◆ **WHAT IS EXPECTED**
The following data has a line with "2号地 間取り 2LDK+S(納戸)" and a line with "Indoor/Outdoor Firewood Rack". Write out exactly those lines and all the lines between them.

◆ **INFORMATION PROVIDED**
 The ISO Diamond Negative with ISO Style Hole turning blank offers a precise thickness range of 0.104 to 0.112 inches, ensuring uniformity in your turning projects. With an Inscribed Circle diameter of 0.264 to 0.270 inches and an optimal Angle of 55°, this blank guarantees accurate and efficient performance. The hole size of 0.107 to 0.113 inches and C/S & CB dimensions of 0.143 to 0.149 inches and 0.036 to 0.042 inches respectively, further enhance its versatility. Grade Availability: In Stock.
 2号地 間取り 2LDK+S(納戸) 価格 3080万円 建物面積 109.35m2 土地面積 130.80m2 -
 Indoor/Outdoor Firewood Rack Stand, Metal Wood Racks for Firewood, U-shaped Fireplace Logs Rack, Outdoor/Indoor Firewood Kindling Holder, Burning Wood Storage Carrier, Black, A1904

==

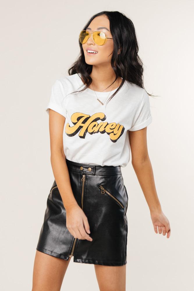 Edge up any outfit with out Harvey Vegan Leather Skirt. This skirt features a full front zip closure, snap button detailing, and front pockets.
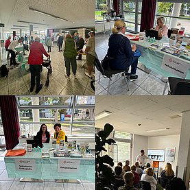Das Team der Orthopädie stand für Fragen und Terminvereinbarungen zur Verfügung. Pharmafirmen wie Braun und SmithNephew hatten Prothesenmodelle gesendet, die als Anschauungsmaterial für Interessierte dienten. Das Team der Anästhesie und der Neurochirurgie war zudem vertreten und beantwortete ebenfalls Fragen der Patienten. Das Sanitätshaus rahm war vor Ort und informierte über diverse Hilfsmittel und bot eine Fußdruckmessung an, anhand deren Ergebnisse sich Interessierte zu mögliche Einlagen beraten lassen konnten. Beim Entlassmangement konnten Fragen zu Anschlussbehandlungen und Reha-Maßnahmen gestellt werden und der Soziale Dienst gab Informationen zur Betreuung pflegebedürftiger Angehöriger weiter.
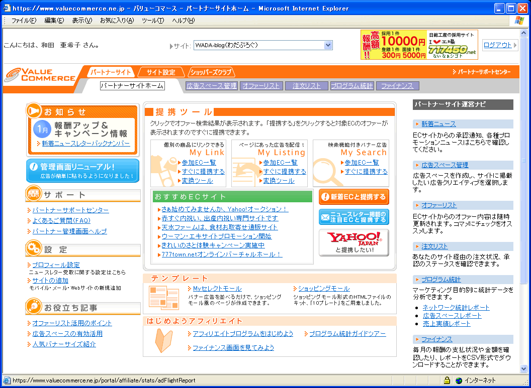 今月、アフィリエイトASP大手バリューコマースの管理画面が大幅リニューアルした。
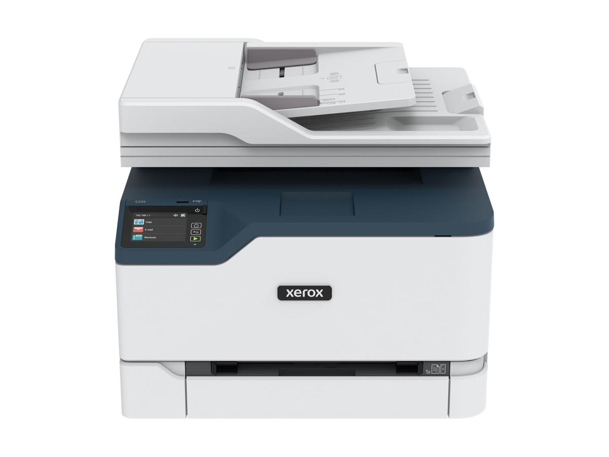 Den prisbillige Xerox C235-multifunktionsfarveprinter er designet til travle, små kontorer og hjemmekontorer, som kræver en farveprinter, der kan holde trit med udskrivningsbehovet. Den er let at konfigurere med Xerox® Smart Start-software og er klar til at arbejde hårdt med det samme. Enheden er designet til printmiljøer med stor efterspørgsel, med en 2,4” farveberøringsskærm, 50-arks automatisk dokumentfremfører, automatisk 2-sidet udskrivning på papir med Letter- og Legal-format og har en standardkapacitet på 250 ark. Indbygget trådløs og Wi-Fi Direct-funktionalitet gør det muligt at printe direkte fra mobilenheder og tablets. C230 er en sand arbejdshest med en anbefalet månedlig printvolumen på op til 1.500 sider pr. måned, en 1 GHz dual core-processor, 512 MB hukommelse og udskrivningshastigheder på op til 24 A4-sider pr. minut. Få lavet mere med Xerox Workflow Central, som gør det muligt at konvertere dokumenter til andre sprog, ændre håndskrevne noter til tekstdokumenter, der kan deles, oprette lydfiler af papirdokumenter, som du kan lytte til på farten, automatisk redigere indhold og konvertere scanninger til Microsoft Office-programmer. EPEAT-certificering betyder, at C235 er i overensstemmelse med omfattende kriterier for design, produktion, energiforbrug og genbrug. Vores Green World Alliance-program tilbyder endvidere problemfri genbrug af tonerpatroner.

◆ **RESULT**
 2号地 間取り 2LDK+S(納戸) 価格 3080万円 建物面積 109.35m2 土地面積 130.80m2 -
 Indoor/Outdoor Firewood Rack Stand, Metal Wood Racks for Firewood, U-shaped Fireplace Logs Rack, Outdoor/Indoor Firewood Kindling Holder, Burning Wood Storage Carrier, Black, A1904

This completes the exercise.